Dataset records
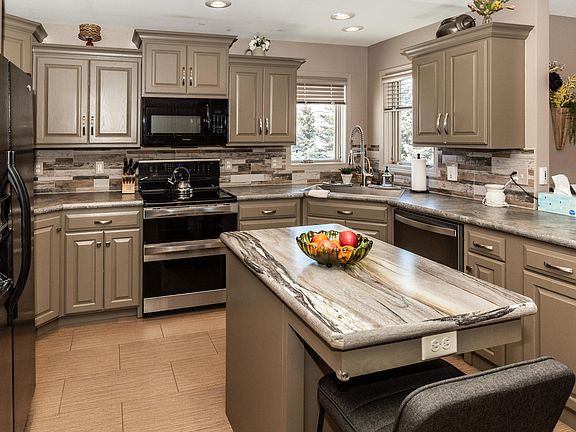 The open floor plan on the main level features a spacious living room, a dining area, and a custom kitchen complete with freshly painted cabinets, newer high definition countertops, vinyl planking flooring, stainless steel appliances, island, and plenty of counter space for meal preparation. There is also a built in custom cabinet kitchen nook and window bench seat. The main level offer 3 bedrooms including the primary suite w/ walk in closet, large vanity with 2 sinks and 3/4 bath. The finished basement offers even more space for entertaining with a spacious family room offering daylight windows and a cozy fireplace perfect for those chilly evenings when you just want to relax at home. Two additional bedrooms and another bathroom. There is also another built in custom cabinet for dry bar or extras. One of the highlights of this home is the surround sound system that creates an immersive audio experience in the Outside you will find a private backyard with mature trees, sprinklers, paver patio, 2 large raised garden beds and fenced yard. Located in the desirable Boulder Ridge development, this home offers easy access to a variety of amenities including shopping, dining and entertainment. Triple garage is complete with a heater, epoxy floor, ceiling fan and ceiling speakers. Need more room? There is a camper pad alongside the garage. This home truly has it all. Don't miss out on the opportunity to make it yours today!
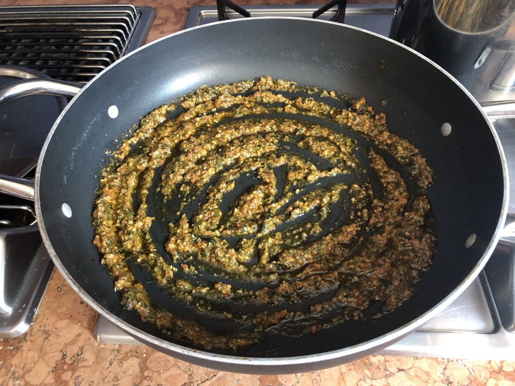 Für einen Moment bei niedriger Hitze durchziehen lassen. Wenn nötig, die Sauce mit etwas vom beiseitegestellten Kochwasser verdünnen.
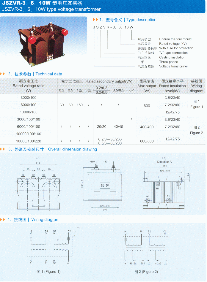 产品标题:JSZVR-3W,6000/100/100,电压互感器
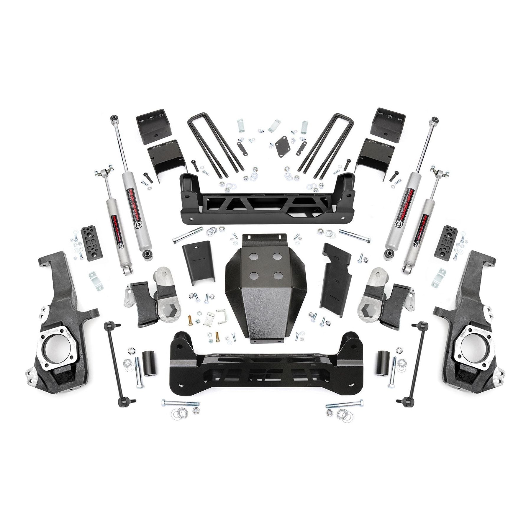 This kit also includes a set of front and rear crossmembers that are laser cut from durable US steel for a precise fit on your vehicle and feature an “RC” logo that displays prominently at the front of the vehicle. Each kit also features lifted knuckles, a beefy differential skid plate, and a set of Rough Country’s N3 Nitrogen-charged shock absorbers that provide an incredibly smooth, factory-like ride quality both on and off-road.
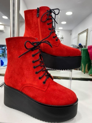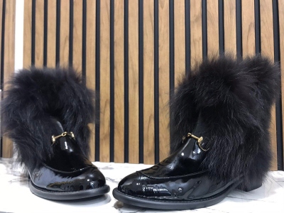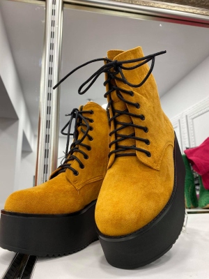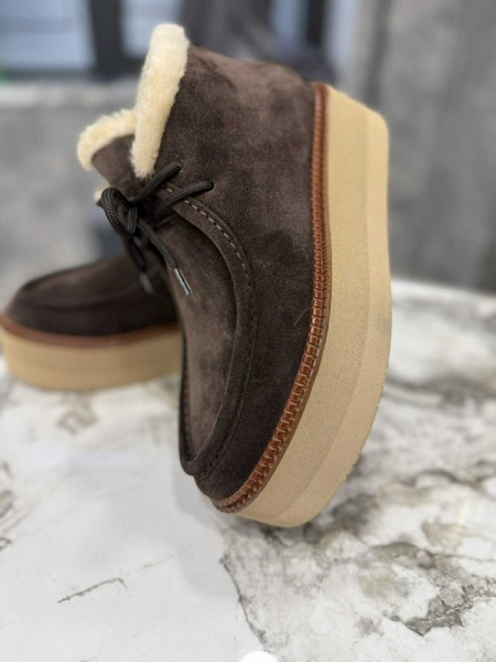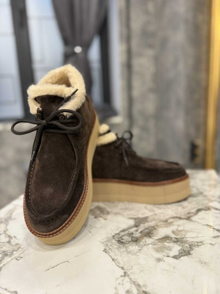 Боти от естествен велур в кафяв цвят с висока подметка и декорация от топла подплата.

Required action: Copy out all the data exactly, skipping the pictures.

Response for this exercise:
 The open floor plan on the main level features a spacious living room, a dining area, and a custom kitchen complete with freshly painted cabinets, newer high definition countertops, vinyl planking flooring, stainless steel appliances, island, and plenty of counter space for meal preparation. There is also a built in custom cabinet kitchen nook and window bench seat. The main level offer 3 bedrooms including the primary suite w/ walk in closet, large vanity with 2 sinks and 3/4 bath. The finished basement offers even more space for entertaining with a spacious family room offering daylight windows and a cozy fireplace perfect for those chilly evenings when you just want to relax at home. Two additional bedrooms and another bathroom. There is also another built in custom cabinet for dry bar or extras. One of the highlights of this home is the surround sound system that creates an immersive audio experience in the Outside you will find a private backyard with mature trees, sprinklers, paver patio, 2 large raised garden beds and fenced yard. Located in the desirable Boulder Ridge development, this home offers easy access to a variety of amenities including shopping, dining and entertainment. Triple garage is complete with a heater, epoxy floor, ceiling fan and ceiling speakers. Need more room? There is a camper pad alongside the garage. This home truly has it all. Don't miss out on the opportunity to make it yours today!
 Für einen Moment bei niedriger Hitze durchziehen lassen. Wenn nötig, die Sauce mit etwas vom beiseitegestellten Kochwasser verdünnen.
 产品标题:JSZVR-3W,6000/100/100,电压互感器
 This kit also includes a set of front and rear crossmembers that are laser cut from durable US steel for a precise fit on your vehicle and feature an “RC” logo that displays prominently at the front of the vehicle. Each kit also features lifted knuckles, a beefy differential skid plate, and a set of Rough Country’s N3 Nitrogen-charged shock absorbers that provide an incredibly smooth, factory-like ride quality both on and off-road.
 Боти от естествен велур в кафяв цвят с висока подметка и декорация от топла подплата.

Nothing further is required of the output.